Thursday, August 4, 2016

A Lesser Demon




Things have changed over the years in the good old Home of the Brave. It seems that sometime between the Progressive era (1890 to 1920) and the post war years our little Republic started to become an increasingly expensive, unresponsive, and out of touch behemoth running amok. This worrisome development has continued unabated to the present day. As the old maxim says, "Follow the money." I'd like to suggest we update these wise words to read, "Follow the money because the debt will stalk you and your children."


Source: Wikipedia

If you're not a numbers person, how about following your feelings? The most recent report card on how Americans feel about their Federal Legislature shows that approval ratings have ebbed to the current low tide level of 11%. In my estimation, that's on par with a dictatorial regime's approval ratings or maybe Coke II's consumer satisfaction, but not for our very own freely elected representatives!


Aim for the Porch Light! 
(I'll let you in on the joke shortly.)

What gives? We put these jamokes in office and then we despise them? Is it us? Are we really that fickle? Maybe as candidates they spent too much time lying to us while racing down the campaign trail. That would keep our hands clean as we discreetly assign blame and move on to topics which cultivate less gray hairs and facial wrinkles. 

But wait! There is that miniscule possibility that we spend too much time accepting, and even believing their lies. This not so tidey answer comes and roosts on our shoulders a bit too heavy. 

We could subtract at least half our burden by adding, "You have to admit, those front runners and their dark horses put on a hell of a good show before the election. I mean, they actually seemed... uh... honest."

But now, in the early days of December their promises engraved in granite just thirty short days ago are beginning to smell like some other solids dispersed among the kitty litter... again.  

The problem is that no matter how much their words resonated in your soul, no matter how much they knew what you've been going through, they don't give a "kitty litter solid" about you. 

Oh, they needed your vote to get elected, but then for the most part you have served your purpose like long overdue litter. So, the next election cycle you return the favor, "Out with the old and in with the new... poo." Back and forth, the turd tossing ballot by attrition is cast for a candidate whose promises were never meant to last into the new year. The distraught football fan has the next season, and we wounded voters have the election. Be of good cheer!

We, the People, will have our day again on eleven eleven. The liars get the intervening four agonizing years in which to fabricate more sweet fraudulence for our eager ears. 

Personally, I pass the time fantasizing about shooting out my representative's porch light at a minimum semi-annual basis. This pleasant thought shatters the repetitive motion, mental carpal tunnel of ballot box regret. 

Forgive me Founding Fathers for I have sinned. I voted for my last catbox solid candidate six months ago. What vexes me is Why? I haven't the foggiest, Fathers. I do not know. But I can tell you is his porch light is visible from six hundred yards or so. 
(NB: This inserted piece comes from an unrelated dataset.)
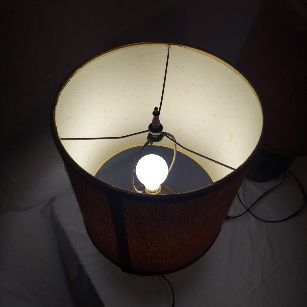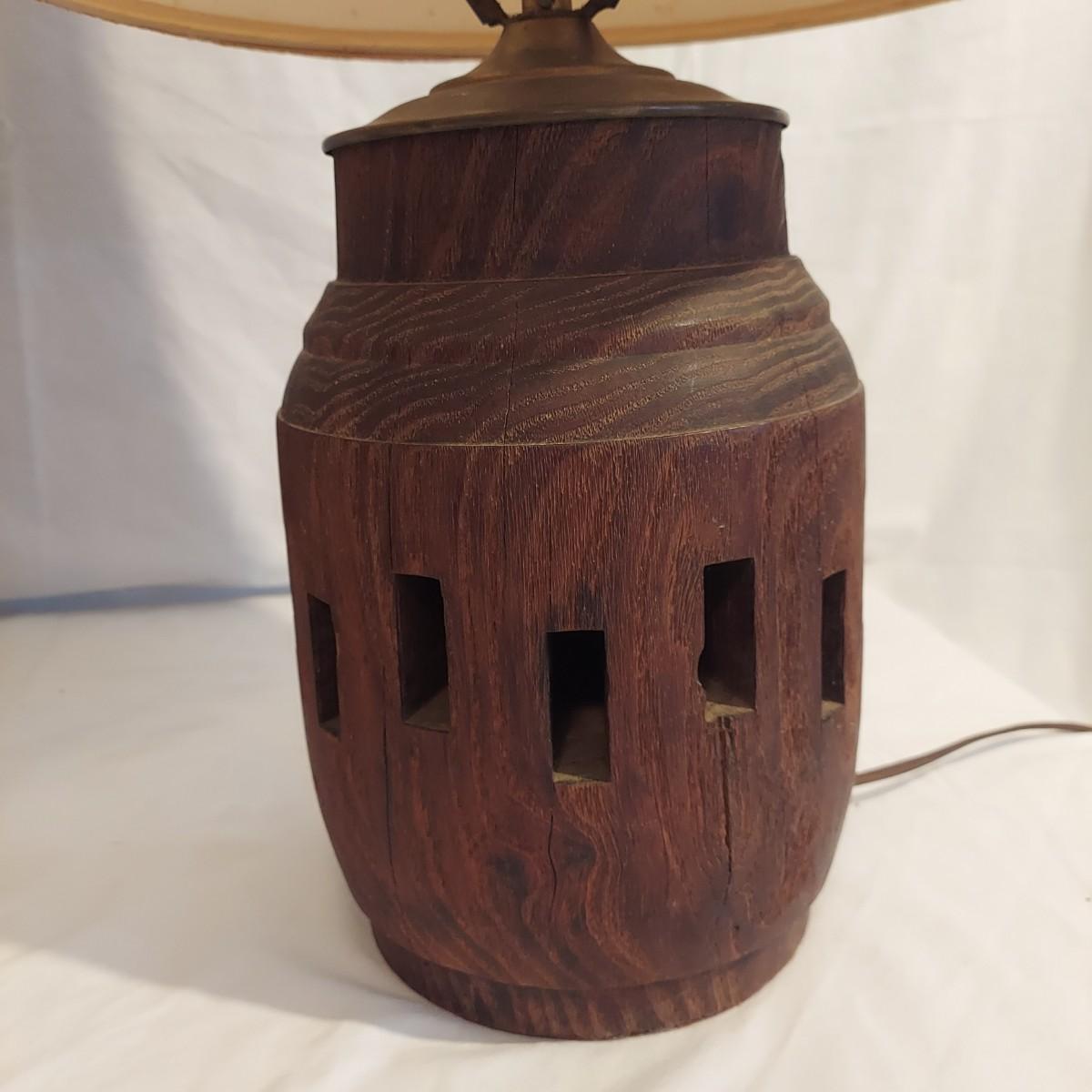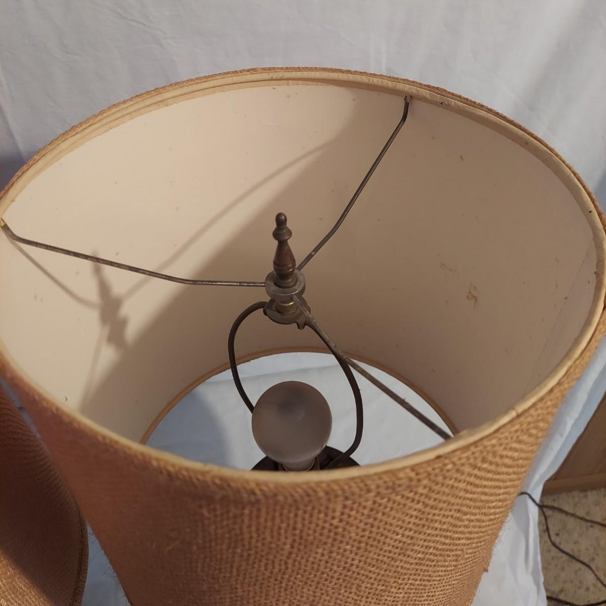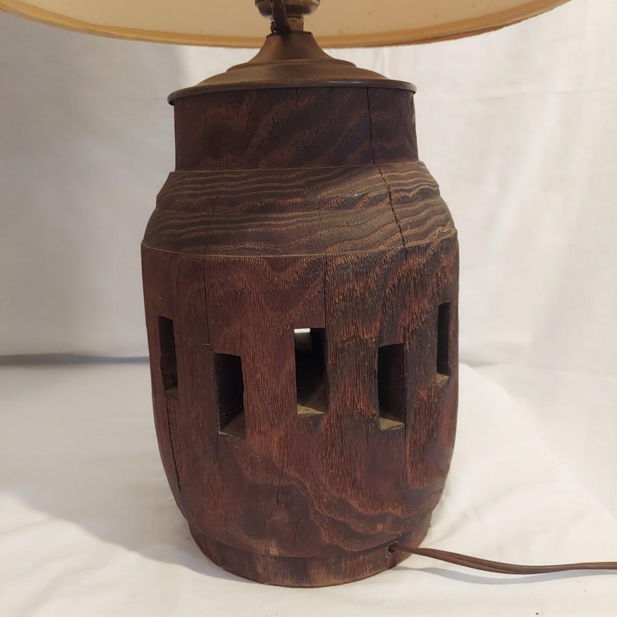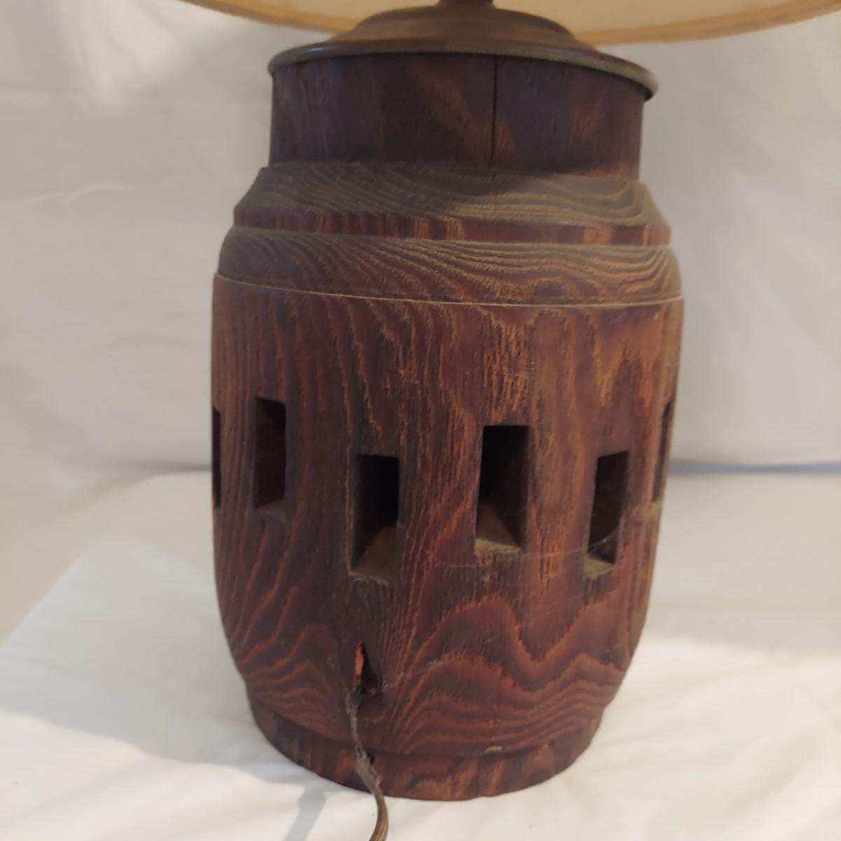 Two solid wood vintage lamps with cloth shades. Some condition issues with shades. Please see photos for details. Appears to be reproduction of antique wagon wheel hub. Each lamp is 24” tall with an approximate 7"D base. No visible markings or brand. Both lamps powered on when plugged in. Local Pickup Only

I remember proudly pushing the chad next to his or her name... because the other candidate was Beelzebub! Electing a demon would be insane. Give me absolution Fathers, that I may commit this lesser sin again. 

I must confess, this is the sad state to which our nation state has decayed: We vote against the person whom we know to be Satan We have proof. Ergo, we vote for the person with the slightly less pronounced cloven hoof. Ergo, error go.

Following this illogic, we're not really voting. The process of selecting the people of power is much akin to playing Russian roulette with a single shot, bolt-action rifle. That's not a pretty picture for the greatest and most rocking nation on the planet. But that's what we get evil Republicans or wicked Democrats. Beelzebub or the bullet. Trick or... trick. 

This "heads lose your heads, tails lose your tails" political reality might explain our increasing and enduring sense of despondence expressed numerically in our Congressional disapproval.  

The only holy way out of this inferno is to opt out of the political trauma center system all together. Thus avoiding both the Prince of Darkness and the lesser minion of the dark realm you'd support by default.


  • There's a couple parties that only care about white people. 
  • There's three that are only concerned with black people. 
  • A half-dozen are Socialist or have "Socialist" in their names. Every one of these insist that they are the only "real Socialists". The others are bourgeois. 
  • A growing slate have a "green" hue. The Mountain Party is opposed to coal mining in West Virginia. Talk about single issue politics!
  • My former political home, the Libertarian Party is still active and actively going nowhere. I guess freedom doesn't rally much interest in a nation dependent on the monthly ebb and flow of Treasury checks.
Not one of these parties, stand a snowball's chance in the hometown of the most unclean candidate you refuse to vote for. Why throw your vote away? Do the prudent thing and vote for the candidate who requires less blood offerings. That's a well used vote!

Praise God! You would NEVER vote for Beelzebub! That is why you have ALWAYS voted for a lesser Demon of the Dark Realm.
At least he will be after you shoot out his porch light.



AUTHOR'S NOTE: 

Should any reader extrapolate the insane idea that I am endorsing shooting any porch lights out, I will lose all respect for you as a human being and there will be no ice cream for you. It will be too hot where you're going.